Moses had run out of arguments, but God had not run out of grace.
Holy Ground of My Own
By the end of the week, the moment had come. I had practiced my speech, rehearsed my points, and gone over the opening line in my head more times than I could count. Usually, when I stand in front of people, my nerves take over, my throat tightens, my hands tremble, and I can feel my heart pounding in my ears. But this time felt different.
I stood when my name was called. The sound of chairs shifting and murmurs fading seemed to stretch into slow motion. The microphone waited, tall, black, ordinary, but it felt like a mountain. I walked toward it anyway.
The room was bright, the air just cool enough to keep me aware of every breath. I could feel the fabric of my suit jacket against my shoulders, the faint click of my heels on the floor. I took my place behind the podium, smoothed the notes I didn’t really need, and looked up. Sixty faces. Some friendly, some unreadable.I took one long breath. Then another.
And when I spoke, I heard my own voice, amplified, steady, clear. The sound startled me for a split second, but then it grounded me. My voice filled the room, and somehow, I didn’t shake. The words came as if they’d been waiting there all along.

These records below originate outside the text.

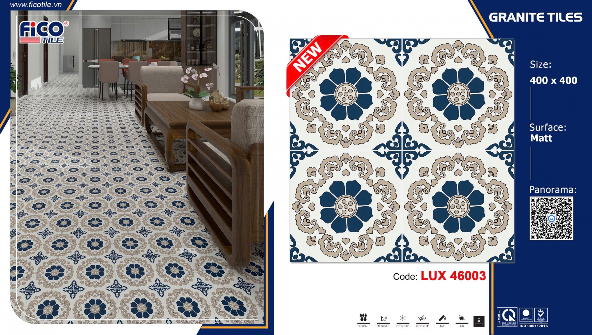 GẠCH BÔNG 40X40 BÔNG XANH VIỀN NÂU 46003 CAO CẤP GIÁ RẺ
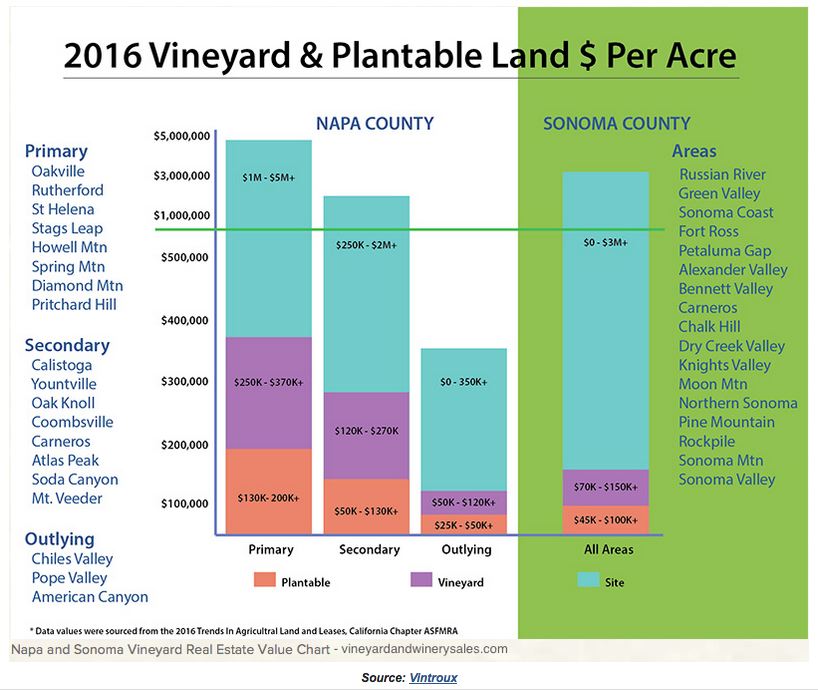 2016 Cost of Vineyard & Plantable Land $$ Per Acre Source: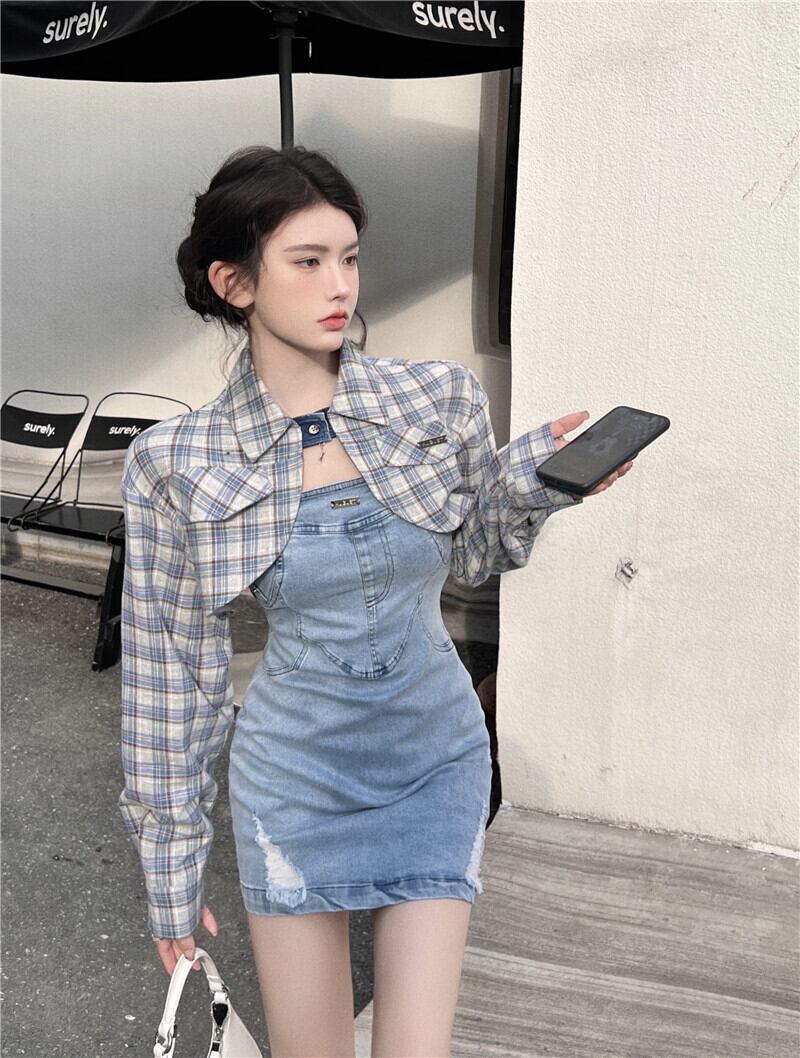 Hot chic plaid shirt women's design sense niche spring 2022 new loose outside long-sleeved short top ショート ロング スプリング 春物 0921962103763478

As I kept speaking, a calmness began to spread through me, not the kind that comes from confidence, but the kind that comes from Presence. I even found myself smiling, adding a few small jokes that earned some laughter. The crowd leaned in. The tension that had lived in my shoulders all week quietly dissolved.
When I finished, there was a pause, and then applause. A rush of warmth moved through me, but not pride. Gratitude. Deep, quiet gratitude.
What I said wasn’t earth-shattering, but what happened inside me was. Knowing that I can lean hard on God in the places where I’m weakest, that’s the miracle. That’s the lesson Moses learned long ago, and the one I’m still learning.
Most people in that room will never know how much I battled just to take those steps forward, just to face the microphone. But I know. And I know who was with me.
He saw me through it.
He is so faithful, even when we don’t deserve it.
Our God doesn’t just send us into hard places; He goes with us. And sometimes, the holy ground isn’t a desert glowing with fire. Sometimes it’s right under our feet, in a conference room, behind a podium, in a trembling heart that finally finds its voice.